• What is expected:
Word for word, transcribe every line from the one holding "2-Piece Black Solid" through the end of the records, but not the pictures.

[Entries taken from a collection]
● ● ● ● ● ● ●

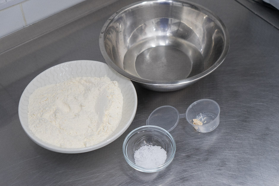 Нет «секретного рецепта», неаполитанская пицца это всего-навсего правильные пропорции муки, воды, соли и дрожжей. Для начала подготовьте все ингредиенты. Живые дрожжи (0,8 г) лучше взвешивать на точных молекулярных весах. Обычно прессованые дрожжи берут в три раза меньше. Но, ребята говорят, что результат сильно отличается не в лучшую сторону. Воду (250 г) можно взвесить и обычными весами. В большой удобной чаше смешайте воду (250 г) и соль (14 г). Дальше добавьте треть муки и снова всё хорошо перемешайте. Возьмите живые дрожжи (0,8 г) в руку, разотрите между ладоней и добавьте в чашу. Хорошо размешайте массу рукой. Постоянно перемешивая тесто, добавьте оставшуюся муку. Главное – правильно вымесить тесто руками, хотя тесто можно вымесить и в миксере (насадка крюк), но на средней скорости. Постепенно тесто начнёт собираться. Вымешивайте тесто до тех пор, пока оно не станет отставать от рук. В идеале у вас должно получиться мягкое и эластичное тесто. Тесто пока не стало гладким. А вот з
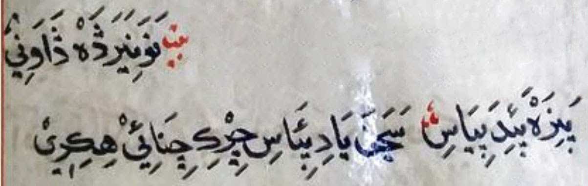 تُوْرٖيْ تَرِي﮼ تُنْ يَا اَللہُ تُوْ دَرُ تُوْءِ نَڇَڎِيَان﮶
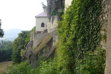 Keywords: Velka skalka zdivo.JPG en Ruin of abbey Velká Skalka supporting brickwork Skalka u Trenčína Slovakia cs Zříceniny opatství Skalka u Trenčína opěrné zdivo own Kenad 2010-07-16 Benedictine abbeys in Slovakia Skalka nad Váhom
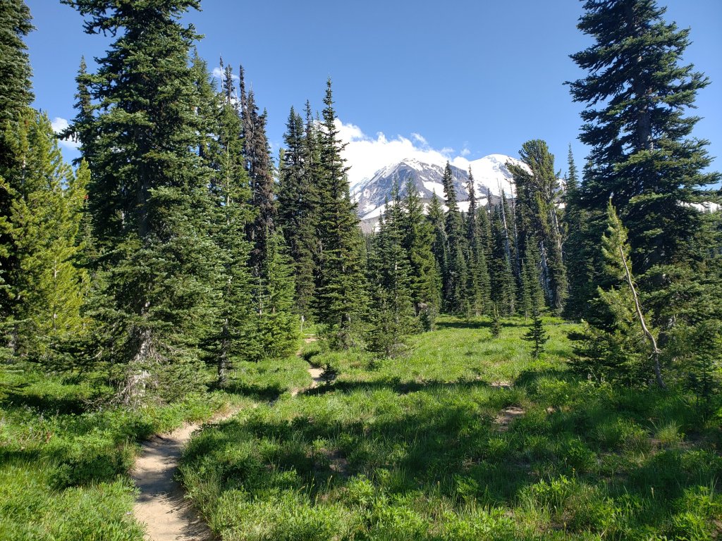 There’s a beautiful meadow with great views of Mt Adams right under a waterfall. I’m currently sitting in my tent listening to the waterfall looking up at Mt Adams swapping a few bugs reading Walden more content than I have ever felt.
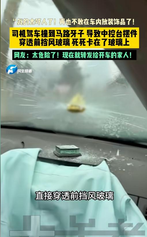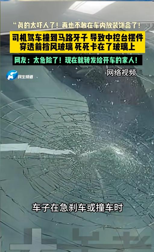 “太吓人了!”近日,山东,一位司机在转弯时,不小心撞上了马路牙子,结果中控台上的摆件飞了出去,直接穿透了前挡风玻璃,像钉子一样深深嵌了进去。这一幕可把司机给吓坏了,暗自庆幸没有飞向自己。网友:说多少次了车上不要放这些东西! 不少人都喜欢在车上挂些装饰品,或者是在中控台放些摆件,一来起一些装饰作用,二来也想着祈福。其实,这是一种错误的行为,不仅遮挡了行车视线,出事故时,还可能变成隐形的杀手。 据媒体3月26日报道,该车主就遇到了这么个问题,差点把小命儿给丢了。他在开车转弯的时候,出了意外,车直接撞上了马路牙子。虽然人没事,可当他查看时,魂儿都要被吓到了。 自己在车上中控台放了个摆件,撞击的瞬间就飞了出去。摆件是一个下宽上窄的构造,顶上有点尖。它砸在了前挡风玻璃上,直接就给扎透了,也就是尾比较大才没整个都穿出去。 车主看完止不住的后怕,万一当时撞击的方向有些变化,搞不齐就冲自己飞过来了,要是这样,自己怕是要当场交代了。司机直呼,以后再也不敢放东西了。 其实,这真不是危言耸听,背后有着科学知识。在车辆发生撞击或者急刹车时,在冲击力的作用下,里面的摆件会直接飞起来。看似轻飘飘的东西,在速度的加持下也会产生巨大的冲击力,足以对人体造成严重的伤害!所以,车里面不要再放这些东西了,让车子轻装上阵,也让自己安全上阵! 信息来源:《“真的太吓人了!再也不敢在车内放装饰品了!司机驾车撞到马路牙子 导致中控台摆件穿透前挡风玻璃 死死卡在了玻璃上 网友:太危险了!现在就转发给开车的家人!》大参考
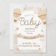 Beige And White Watercolor Illustrative Cute Baby Shower Greeting Invitation
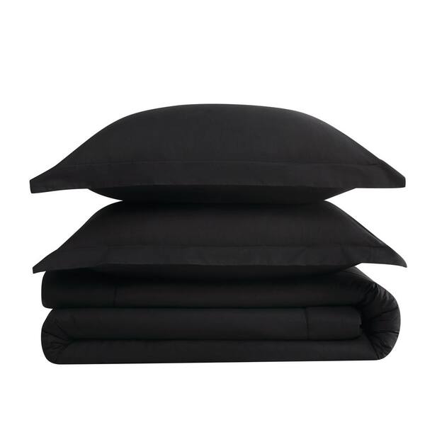 2-Piece Black Solid Cotton Percale Twin/Twin XL Comforter Set
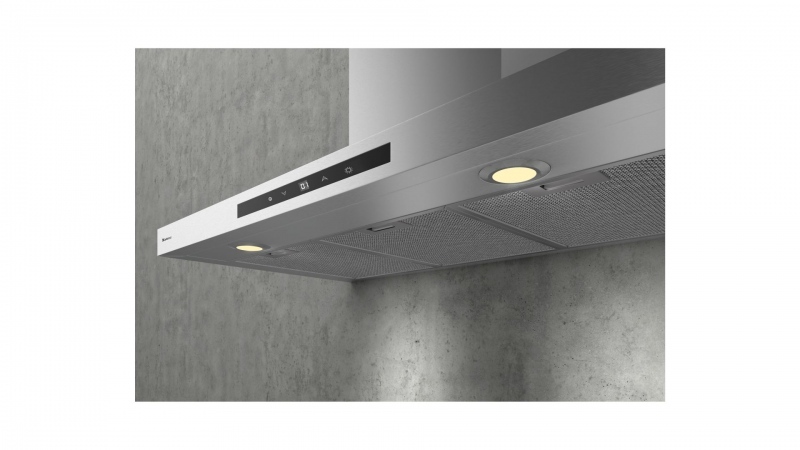 Está é a COIFA VALENÇA DE PAREDE 90 CM em aço inox escovado, com design contemporâneo através de linhas retas e detalhe em vidro preto (4 mm) no painel de comando touch. Além de valorizar sua cozinha irá garantir um momento de cocção mais agradável com renovação de ar de 1.000 m³/h. A aspiração é central com 4 velocidades de sucção, pode ser instalada no modo depuração ou exaustão.

● ● ● ● ● ● ●

• Response area:
 2-Piece Black Solid Cotton Percale Twin/Twin XL Comforter Set
 Está é a COIFA VALENÇA DE PAREDE 90 CM em aço inox escovado, com design contemporâneo através de linhas retas e detalhe em vidro preto (4 mm) no painel de comando touch. Além de valorizar sua cozinha irá garantir um momento de cocção mais agradável com renovação de ar de 1.000 m³/h. A aspiração é central com 4 velocidades de sucção, pode ser instalada no modo depuração ou exaustão.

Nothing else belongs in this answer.